Wait, Did Kim Kardashian Smuggle Art?
Art

Wait, Did Kim Kardashian Smuggle Art?

Kim Kardashian is many things: a beauty and skincare mogul, a (now former) reality TV star, an aspiring lawyer. But is she an art smuggler, too? Depends on who you ask.

According to new reports, the US government is asking Kim to forfeit an Ancient Roman sculpture that had been stolen from Italy. The statue, known as Fragment of Myron's Samian Athena and dating back to the 1st or 2nd century, was sold to Kim in 2016 by the Axel Vervoordt Gallery in Belgium — a name that no doubt will be familiar to anyone who remembers Architectural Digest's infamous tour of her spartan Calabasas mansion.

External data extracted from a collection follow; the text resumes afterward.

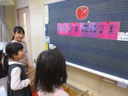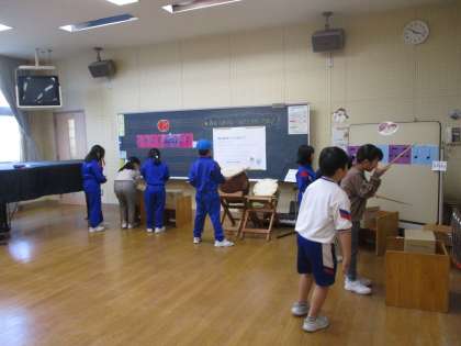 たいこでおまつりの音楽をつくる学習をした二年生。「学校で太鼓のゲームができたらいいな…」ということで、ゲームセンターならぬたいこセンターを設置しました。子供たちは、一人であるいは二人で、ミッションで与えられたリズムを演奏します。
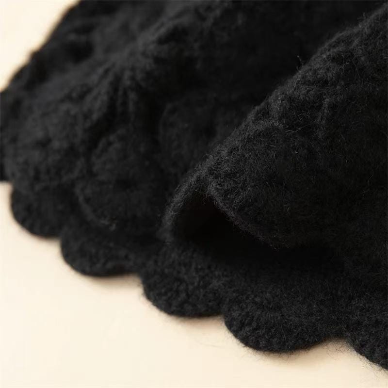 Hand-knitted in a soft cashmere-wool yarn, this double-layer beanie wraps your head in light, cloud-soft warmth. The floral crochet lace outer with a smooth inner layer keeps you warm without bulk—a chic winter hat for every day and a thoughtful Christmas gift for her.
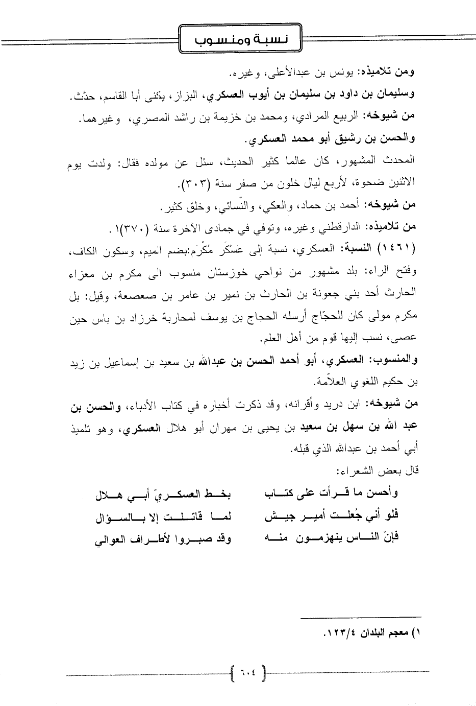 (1461) النسبة: العسكري، نسبة إلى عَسْكَر مُكْرَم: بضم الميم، وسكون الكاف، وفتح الراء: بلد مشهور من نواحي خوزستان منسوب الى مكرم بن معزاء الحارث أحد بني جعونة بن الحارث بن نمير بن عامر بن صعصعة، وقيل: بل مكرم مولى كان للحجّاج أرسله الحجاج بن يوسف لمحاربة خرزاد بن باس حين عصى، نسب إليها قوم من أهل العلم.
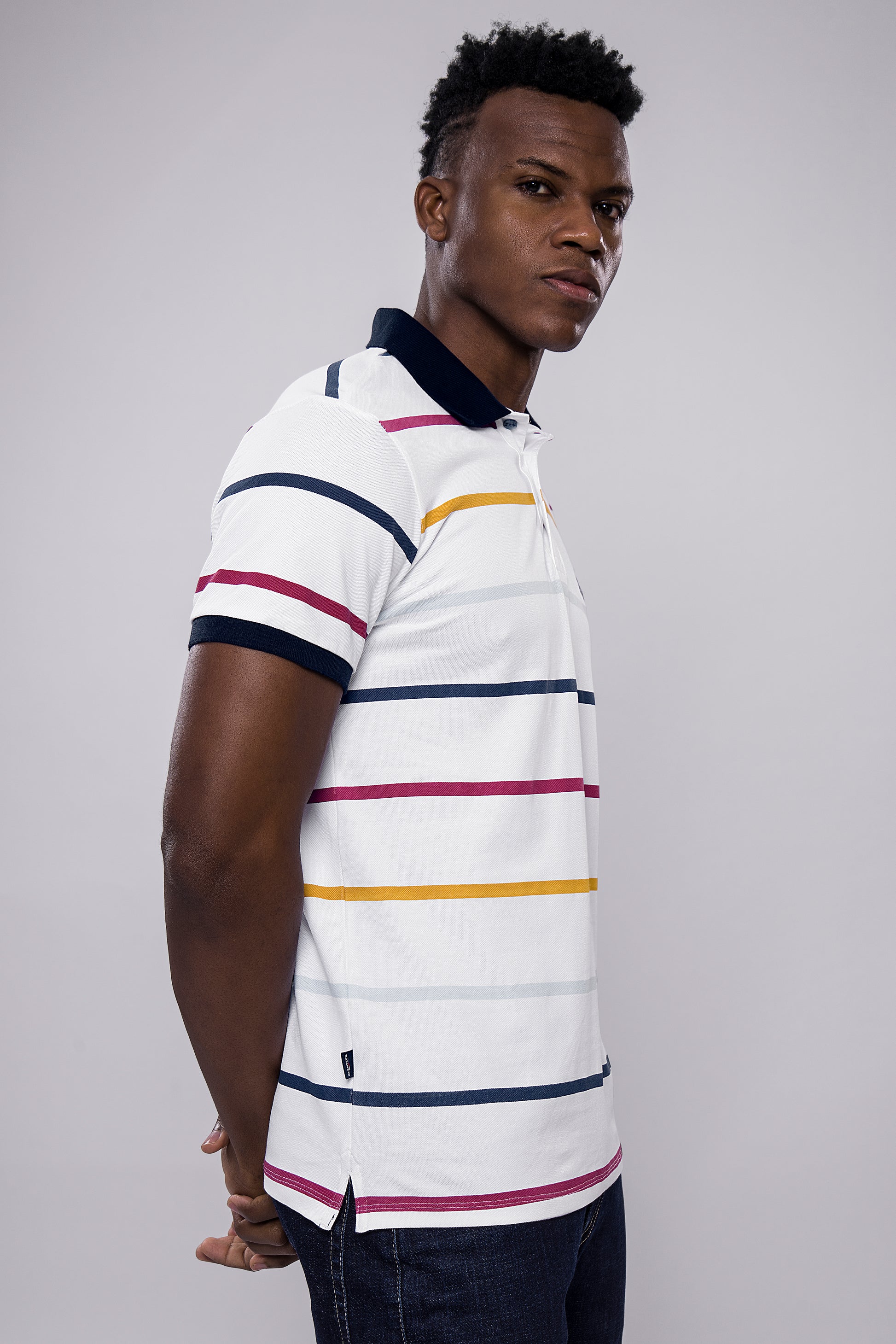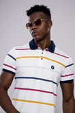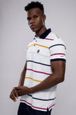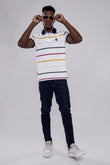 Men’s White Multi-Stripe Polo T-Shirt with Navy Collar & Logo Badge
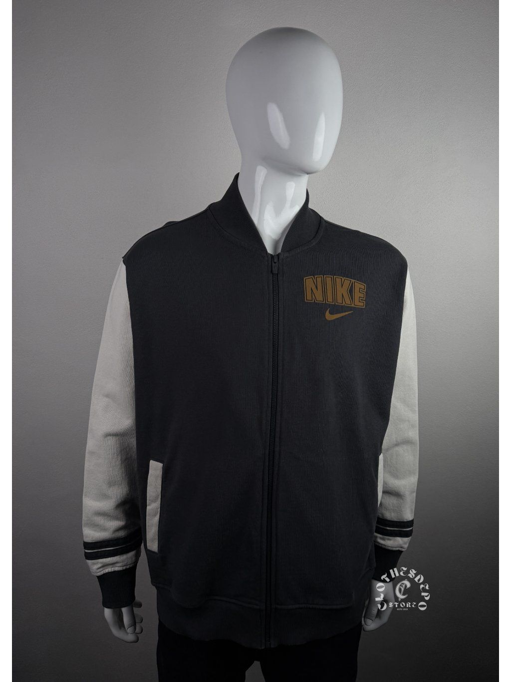 Športovo-streetwear Nike varsity bunda, ktorá kombinuje klasický college štýl s moderným dizajnom značky Nike. Bunda má tmavosivú hlavnú časť a kontrastné svetlosivé rukávy, čo vytvára ikonický varsity vzhľad.

The sculpture was detained by the federal government in 2016 when it first arrived in Los Angeles after having been alerted that it might be protected cultural property. Upon further examination of the statue's paperwork, authorities noticed discrepancies in the documentation that aroused suspicion. This led them to call in Italy's Ministry of Cultural Heritage, which sent an archaeologist in 2018 to assess the work.

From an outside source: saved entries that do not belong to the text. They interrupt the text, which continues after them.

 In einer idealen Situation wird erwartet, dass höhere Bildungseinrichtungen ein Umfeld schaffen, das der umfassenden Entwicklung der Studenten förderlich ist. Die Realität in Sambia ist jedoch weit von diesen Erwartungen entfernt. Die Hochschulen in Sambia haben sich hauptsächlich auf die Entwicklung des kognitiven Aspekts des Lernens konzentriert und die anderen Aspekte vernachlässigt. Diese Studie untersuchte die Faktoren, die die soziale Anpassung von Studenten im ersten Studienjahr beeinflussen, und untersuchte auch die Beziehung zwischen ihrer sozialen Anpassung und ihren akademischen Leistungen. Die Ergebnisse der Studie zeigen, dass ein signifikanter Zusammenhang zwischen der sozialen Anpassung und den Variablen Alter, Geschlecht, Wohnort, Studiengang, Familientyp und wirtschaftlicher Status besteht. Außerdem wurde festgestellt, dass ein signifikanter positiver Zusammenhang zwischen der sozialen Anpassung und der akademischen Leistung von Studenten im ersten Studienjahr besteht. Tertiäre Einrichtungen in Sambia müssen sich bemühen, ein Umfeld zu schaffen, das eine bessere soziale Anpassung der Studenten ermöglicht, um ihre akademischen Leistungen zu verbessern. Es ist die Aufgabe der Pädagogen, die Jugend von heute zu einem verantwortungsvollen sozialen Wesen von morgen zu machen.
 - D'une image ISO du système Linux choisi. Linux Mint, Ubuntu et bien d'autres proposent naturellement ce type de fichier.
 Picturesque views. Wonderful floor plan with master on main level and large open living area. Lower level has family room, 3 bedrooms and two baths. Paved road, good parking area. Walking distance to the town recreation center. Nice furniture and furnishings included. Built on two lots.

The representative then determined that the statue in question had in fact been "looted, smuggled and illegally exported from Italy," naturally leading the country to ask that it be returned. As a result, a court ordered Kim, the buyer and person who had the work imported, to forfeit the sculpture last week.

Kim's team insists that she had no knowledge of the smuggled artifact and even goes a step further to say that she was unaware the piece had been purchased in her name. "Kim never purchased this piece and this is the first that she has learned of its existence," they said in a statement. "We believe it may have been purchased using her name without authorization and because it was never received, she was unaware of the transaction. We encourage an investigation and hope that it gets returned to the rightful owners."

When reached for comment, a spokesperson for the Vervoordt Gallery said, "We've been informed only last night that the US government has filed for forfeiture of this Roman piece, sold to our American client and exported to the US in 2016. We have acquired this piece in good faith from a French gallery who had also acquired it in equally good faith from a German auction house. The former collector was English but precise traces seem to stop there. However, there is no evidence that this piece was illegally imported from Italy."